Exactly the lines from the beginning of the listing below through the line that contains "These are brand" should be transcribed, and pictures must stay out.

▶ Data block

******

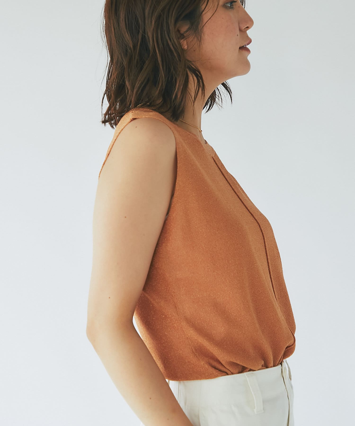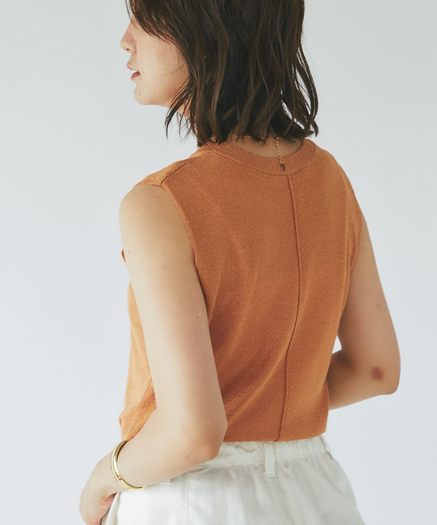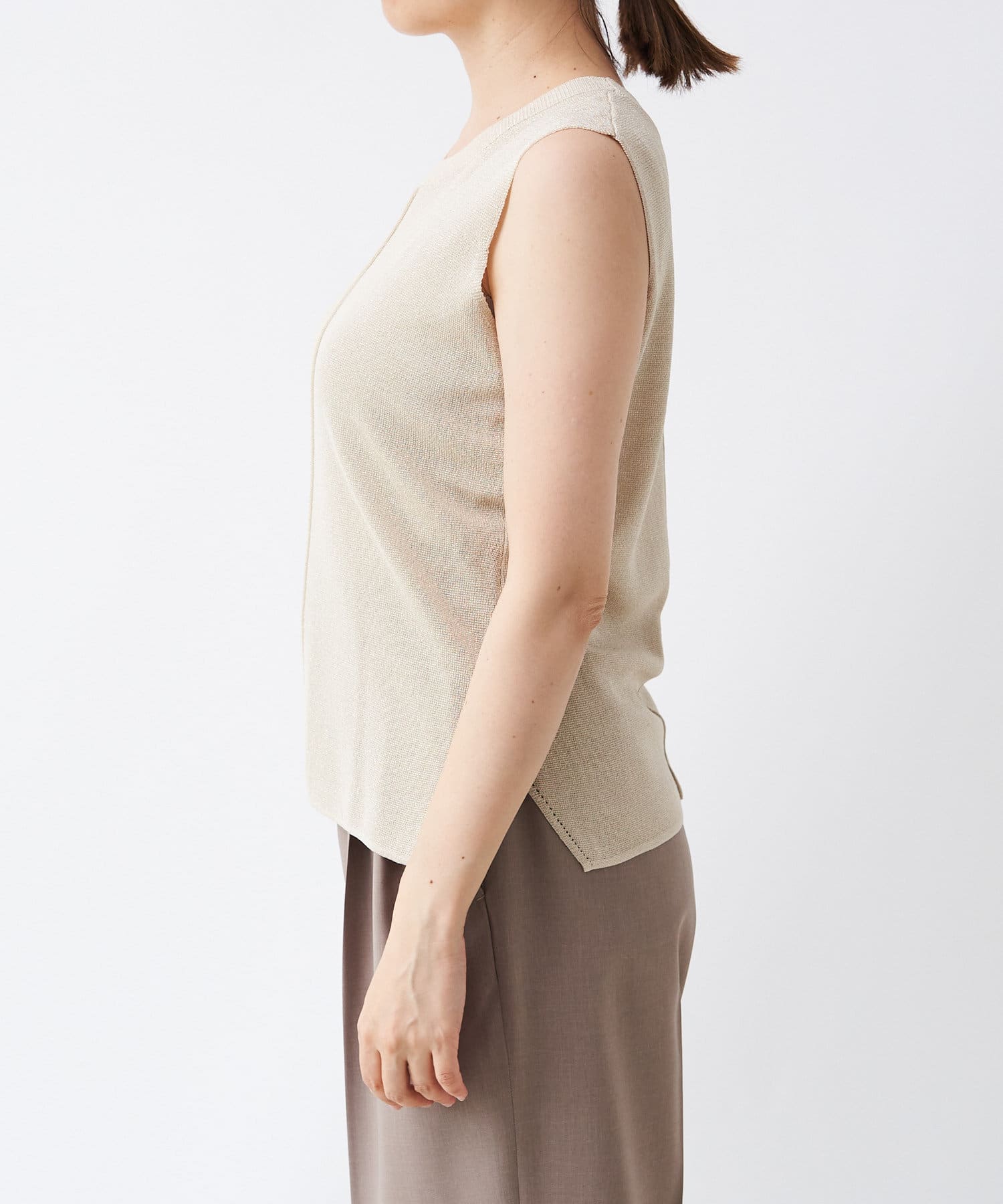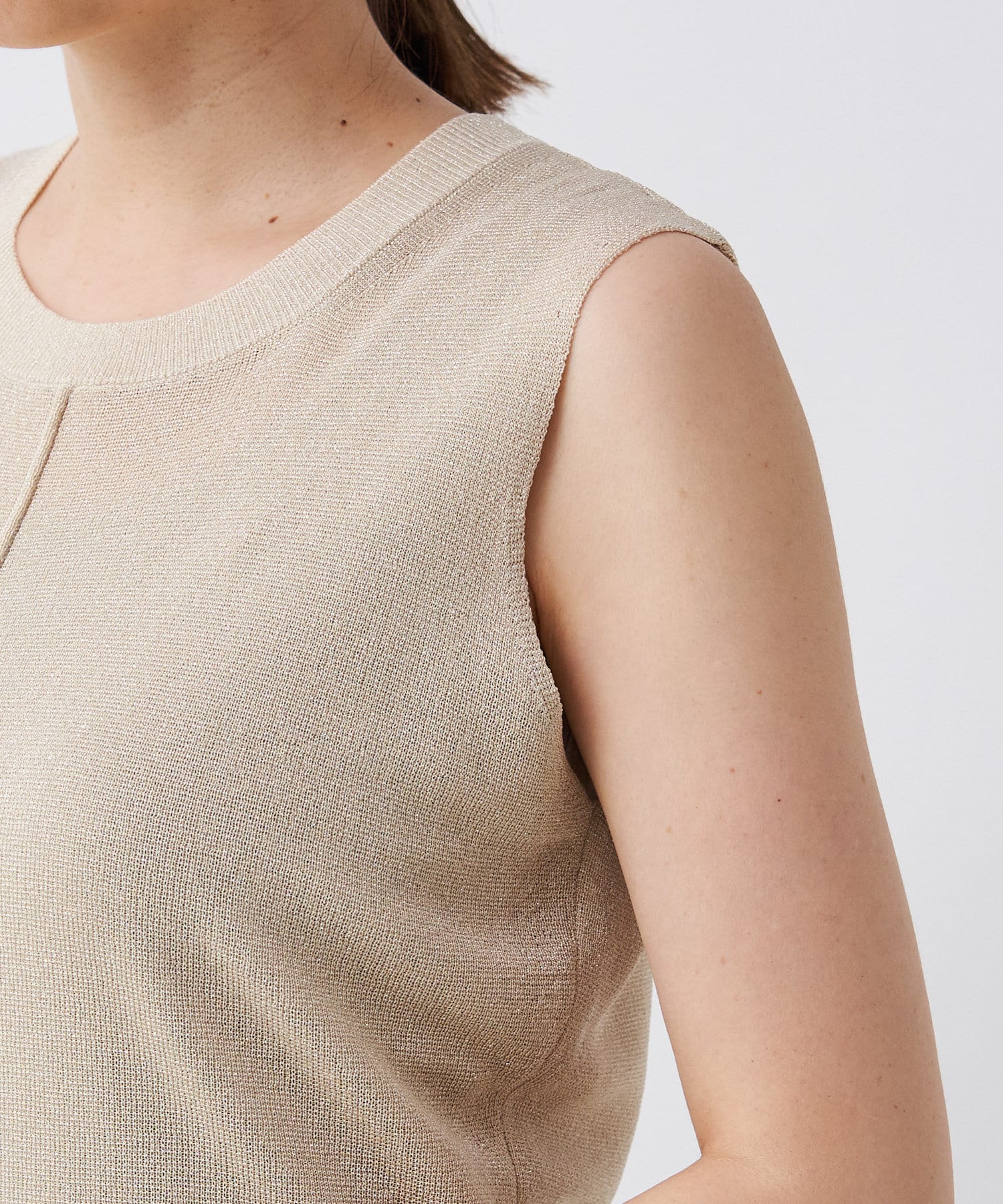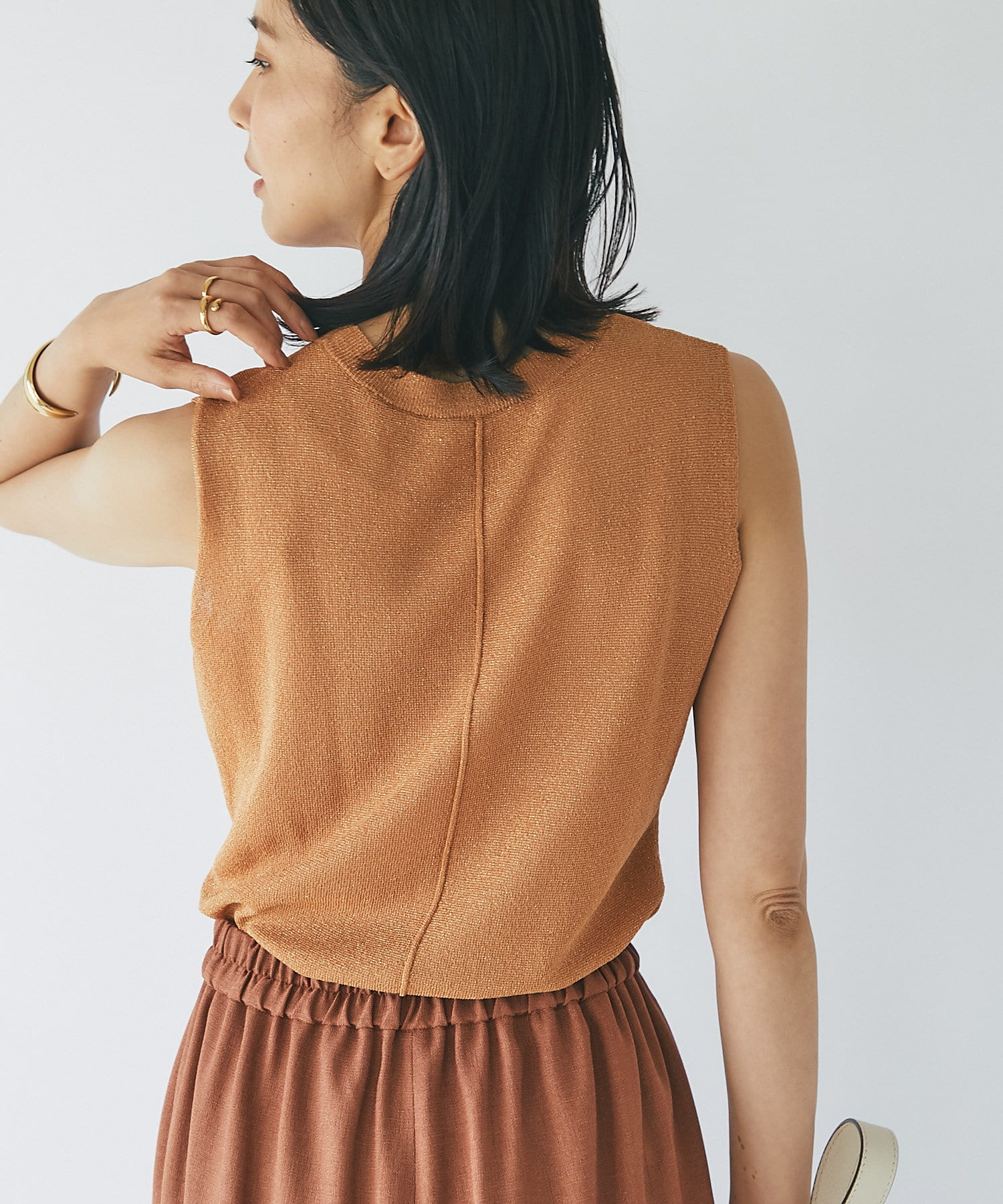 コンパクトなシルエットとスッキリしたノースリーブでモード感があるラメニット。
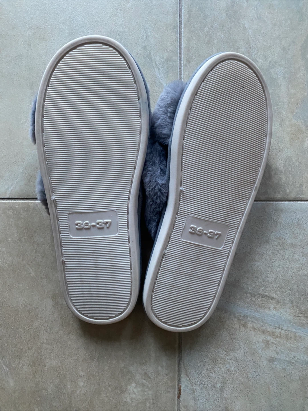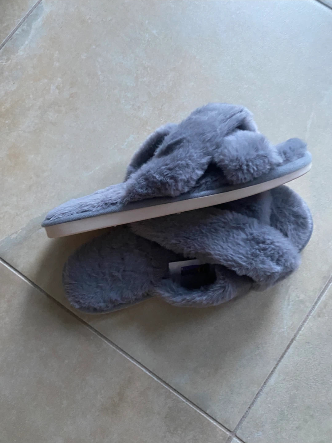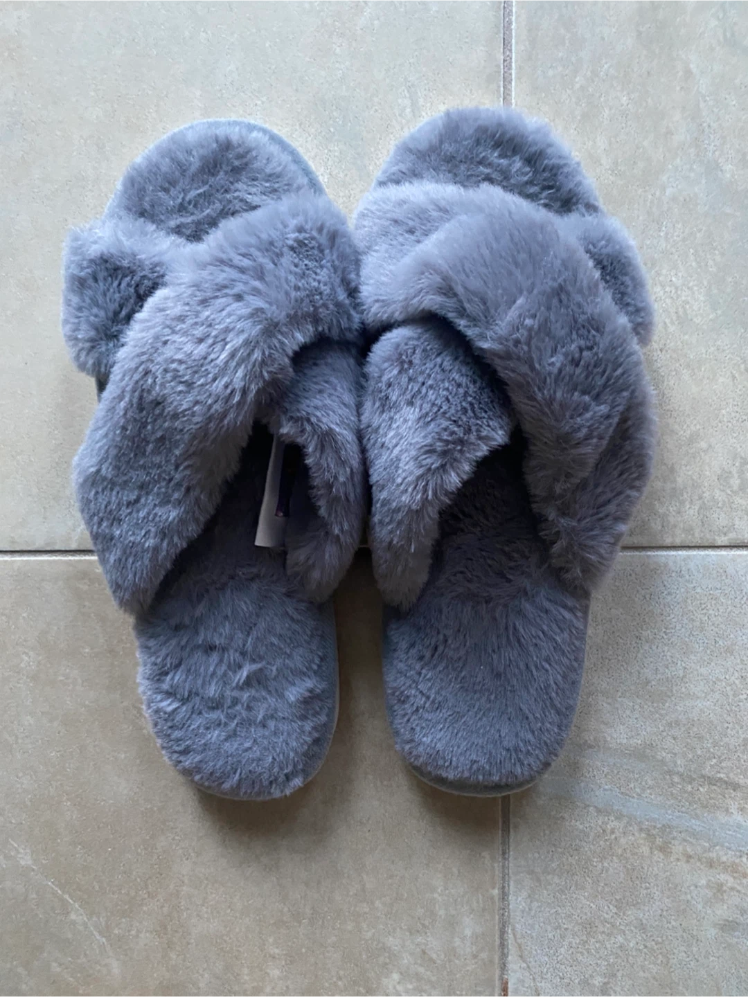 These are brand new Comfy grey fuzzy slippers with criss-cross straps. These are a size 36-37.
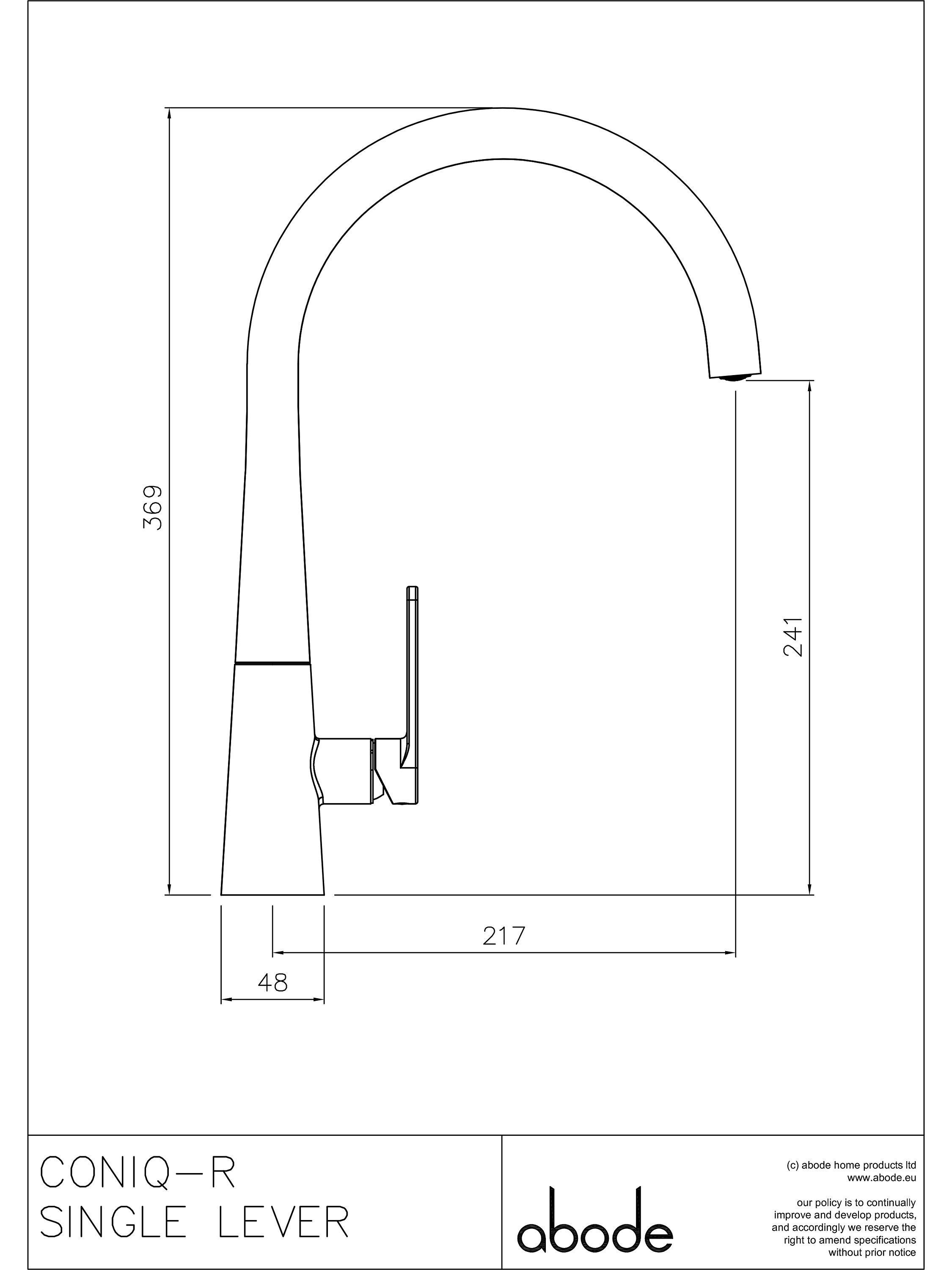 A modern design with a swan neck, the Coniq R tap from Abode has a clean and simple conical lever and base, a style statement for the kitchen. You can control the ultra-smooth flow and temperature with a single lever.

******

▶ Written reply
 コンパクトなシルエットとスッキリしたノースリーブでモード感があるラメニット。
 These are brand new Comfy grey fuzzy slippers with criss-cross straps. These are a size 36-37.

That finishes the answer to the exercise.